A 21-year-old patient, MY (a 21-year-old male patient), received severe diathesis (bleeding) due to thrombin inhibitors. No other background problem (i.e., tumor or autoimmune disease) justified the disease. Laboratory tests, confirmed by two external laboratories, showed that MY had high levels of anti-thrombin IgG antibody. Last year, recurrent kidney seizures suffered from seizures of a large kidney stone in his left pelvis. The patient was to be treated by elective lithotripsy. Based on the binding of IgG to protein A on the affinity column, the patient was treated with immunosuppressive therapy in combination with extra-corporeal immunoadsorption. After 8 treatments of 60 liters of patient plasma on the protein A column, the inhibitor titer was reduced to 98%. This was determined by measuring the thrombin time (TT) of normal pooled plasma using pre- and post-affinity purified MJ plasma. Both TT, PT, and APTT values increased. However, the kidney stone was moved to the urethra, which completely blocked the hydronephrosis kidney. The patient received a further 10 immuno-19adsorption treatments (about 80 liters of plasma) followed by intensive plasmapheresis (about 50 liters) and a high-dose infusion of immunoglobulin (2g / kg). The thrombin inhibitor was then reduced to 0.5%. PTT was reduced to 47 (pretreatment 85-90, see above), and TTT was reduced to 35 (pretreatment 90, and normal control 27, above).

It was decided that the stone would be surgically removed using a biological adhesive consisting of cryoprecipitate and high amount of thrombin (200 U / ml).
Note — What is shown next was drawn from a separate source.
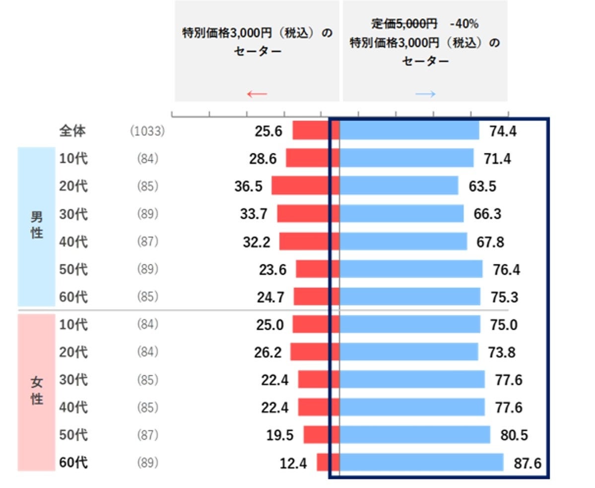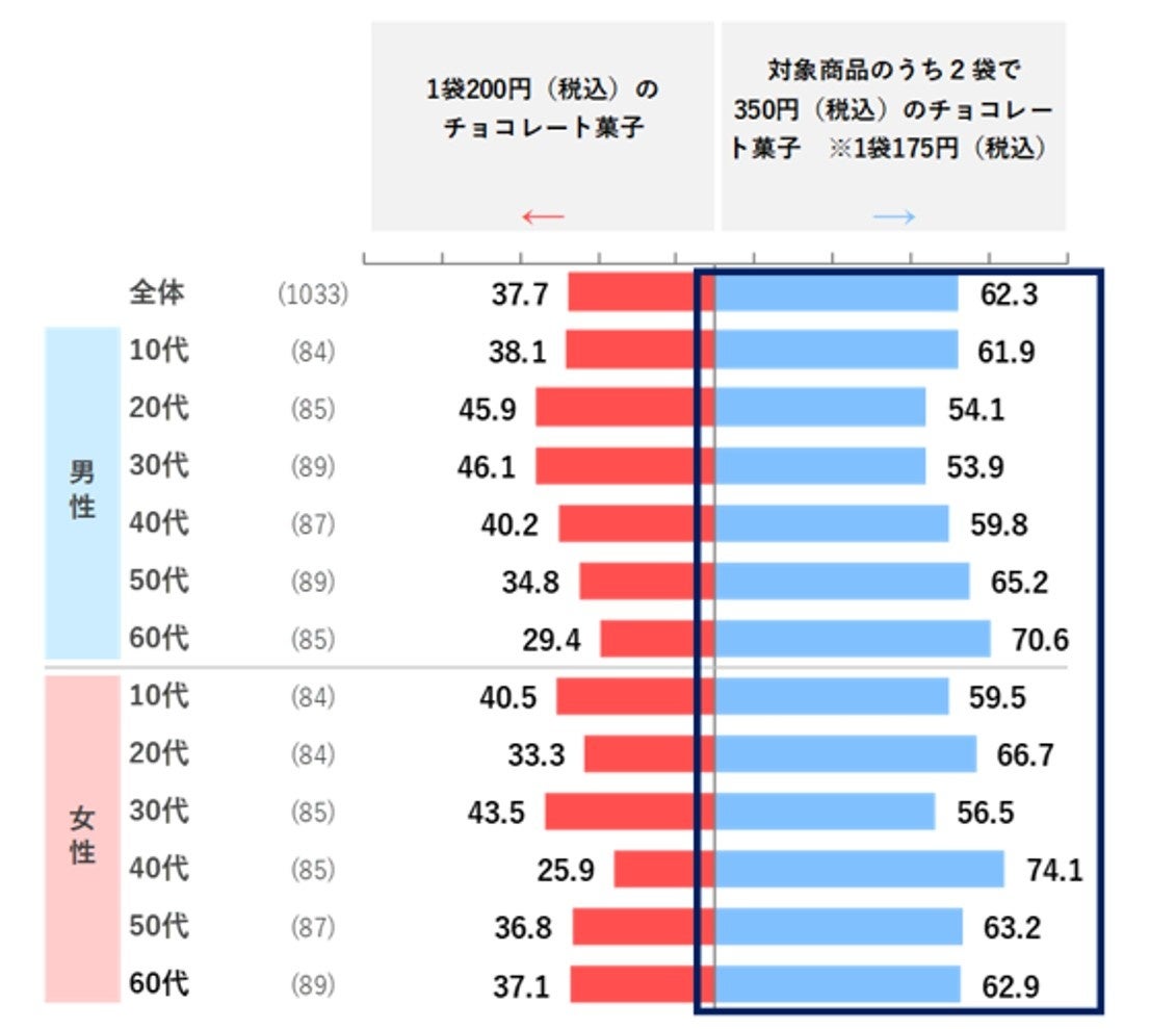 続いてスーパーやドラックストアでよく見る、『まとめ買いすると一つあたりの金額が安くなる』価格設定について確認したところ、いずれの性年代も「対象商品のうち2袋で350円(税込)」の割合が高くなりました。1袋だけで抑えれば200円の方が安いですが、合計金額は高くなるものの単価が安いまとめ買いをついつい選んでしまいがちです。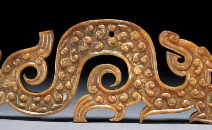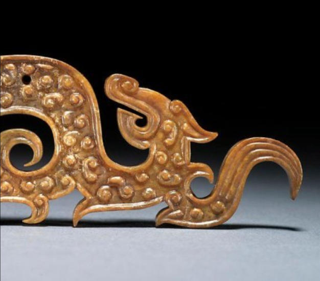 尺寸为5.4×12.7厘米。此玉佩呈双头龙形吊坠,设计精美,两侧浮雕小卷轴,翅膀与尾部线条流畅。玉石微透明,融合黄绿色与褐色,龙背有三个带凹槽的附属物,功能不明。龙的下颚饰以斜纹,龙脊穿孔整齐。玉背褐色半透明,点缀黑色龙斑,整体磨光细腻,略有残损,但仍不失为战国玉器的杰出代表。

With this mixture, the cryo gelated immediately after spraying. However, the patient did not undergo gelation and hemostasis occurred during suturing. After the surgery, the wound looked dry. Six hours later, the patient started bleeding through the drain tube. Ten liters of plasma were immuno-adsorbed, but this did not affect the increase in bleeding.

The patient was again operated on to determine the cause of the bleeding. No surgical bleeding was found. Diffuse bleeding was observed on the entire surface of the wound surface. A cryo-reptilase mixture (2U / ml; Defibrase) was sprayed onto the wound. The spray coagulated immediately, the wound surface became cloudy and the bleeding stopped. The patient received immunoadsorption treatment for a further five days without bleeding. This example illustrates the advantage of the snake protease used as component B in the tissue fixator of the present invention.

Claims (9)

A tissue fixator, characterized in that a component A comprising a concentrated cryoprecipitate of whole blood and a large amount of a protease inhibitor corresponding to 3,000-5,000 IU / ml of aprotinin and a component B specific for cleavage of fibrinogen present in component A is a capable proteolytic enzyme and allows the formation of a fibrin polymer. Tissue fixator according to claim 1, characterized in that the protease inhibitor is aprotinin in an amount of 3000 to 5000 KlU / ml. Tissue fixator according to claim 1 or 2, characterized in that the proteolytic enzyme is mammalian or human thrombin. Tissue fixator according to any one of claims 1 to 3, characterized in that the cryoprecipitate is an inactivated virus. A process for producing tissue fixers according to any one of claims 1 to 4, characterized in that: - preparing component A by converting the cryoprecipitate to a concentrated cryo solution, inactivating a virus, removing the viroid material, and adding a protease inhibitor and preparing the appropriate solution using the appropriate protease as component B. The tissue fixator of claim 1, wherein component A comprises fibrinogen, fibronectin, and factor XIII, and a protease inhibitor corresponding to 3,000-5,000 IU / ml aprotinin. 7. Tissue fixator according to claim 1, characterized in that component B is a proteolytic enzyme or thrombin according to claims 4 and / or 5. Tissue fixator, characterized in that component A contains fibrinogen, fibronectin and factor XIII and component B contains the proteolytic enzyme according to claims 4 and / or 5. 9. Use of a concentrated cryoprecipitate according to claims 1-4.